Despite the seeming broad range of this branch of NLRA preemption, state laws of general application that impose minimal substantive requirements on contract terms are not preempted. As the Supreme Court noted in Metropolitan Life:
Those state laws that have been held by the Supreme Court to be preempted invariably involve attempts by the state to regulate employer or employee conduct and control the collective bargaining process. Thus, in Teamsters Local 20 v. Morton, 377 U.S. 252, 84 S.Ct. 1253, 12 L.Ed.2d 280 (1964), the Court struck down an Ohio law that prohibited a type of secondary boycott and ruled that if the state law were allowed to deprive the union of this self-help weapon "the inevitable result would be to frustrate the congressional determination to leave this weapon of self-help available and to upset the balance of power between labor and management expressed in our national labor policy." Id. at 260. Similarly, in Machinists v. Wisconsin Employment Relations Comm'n, 427 U.S. 132, 96 S.Ct. 2548, 49 L.Ed. 396 (1976), the Court overruled a state law that penalized a concerted refusal to work overtime and held that this conduct by organized employees was intended to be unregulated as a self-help mechanism.

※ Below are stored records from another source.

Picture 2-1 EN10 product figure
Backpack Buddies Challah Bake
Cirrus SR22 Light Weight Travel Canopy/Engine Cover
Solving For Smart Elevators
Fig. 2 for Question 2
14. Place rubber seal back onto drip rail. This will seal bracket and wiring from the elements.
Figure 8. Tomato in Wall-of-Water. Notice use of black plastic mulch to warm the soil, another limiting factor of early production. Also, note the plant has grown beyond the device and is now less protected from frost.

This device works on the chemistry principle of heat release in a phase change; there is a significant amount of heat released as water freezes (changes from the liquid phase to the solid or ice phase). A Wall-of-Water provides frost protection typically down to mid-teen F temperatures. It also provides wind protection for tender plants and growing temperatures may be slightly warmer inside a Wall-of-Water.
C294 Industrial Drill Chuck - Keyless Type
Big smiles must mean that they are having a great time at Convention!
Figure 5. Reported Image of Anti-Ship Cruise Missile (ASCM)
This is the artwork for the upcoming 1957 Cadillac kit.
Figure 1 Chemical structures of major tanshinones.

Most significantly, there is no suggestion in the legislative history of the Act that Congress intended to disturb the myriad of state laws then in existence that set minimum labor standards, but were unrelated in any way to the processes of bargaining or self-organization. To the contrary, we believe that Congress developed the framework for self-organization and collective bargaining of the NLRA within the larger body of state law promoting public health and safety. The states traditionally have had great latitude under their police powers to legislate as "`to the protection of lives, limbs, health, comfort and quiet of all persons.'" Slaughter-House Cases, 16 Wall. 36, 62 [21 L.Ed. 394] (1873) quoting Thorpe v. Rutland Burlington R. Co., 27 Vt. 140, 149 (1855). "States possess broad authority under their police powers to regulate the employment relationship to protect workers within the State. Child labor laws, minimum and other wage laws, laws affecting occupational health and safety ... are only a few examples." DeCanas v. Bica, 424 U.S. 351, 356 [96 S.Ct. 933, 936, 47 L.Ed.2d 43] (1976). State laws requiring that employers contribute to unemployment and workmen's compensation funds, laws prescribing mandatory state holidays and those dictating payment to employees for time spent at the polls or on jury duty all have withstood scrutiny. See e.g., Day-Brite Lighting, Inc. v. Missouri, 342 U.S. 421, 72 S.Ct. 405, 96 L.Ed. 469 (1952).
Id. 105 S.Ct. at 2398.
Maine's severance pay law is a statute of general application that affects union and nonunion employees equally. Designed to protect Maine citizens from the economic dislocation that accompanies closing of large establishments, the severance pay statute is a legitimate exercise of the state's police power. Shapiro Bros. Shoe Co., Inc. v. Lewiston Auburn S.P.A., 320 A.2d 247, 254 (Me. 1974); State v. Union Oil Co of Maine, 151 Me. 438, 120 A.2d 708 (1956). The statute, in fact, has a very limited impact on the collective bargaining process inasmuch as it does not ever apply when the parties have reached an agreement on the subject of severance pay via an express contract. Although Section 625-B does effect the collective bargaining relationship by encouraging employers to either agree to some form of severance pay contract or face liability under the act, it does not limit the rights of self-organization or forms of collective bargaining protected by the NLRA and is not preempted by the act.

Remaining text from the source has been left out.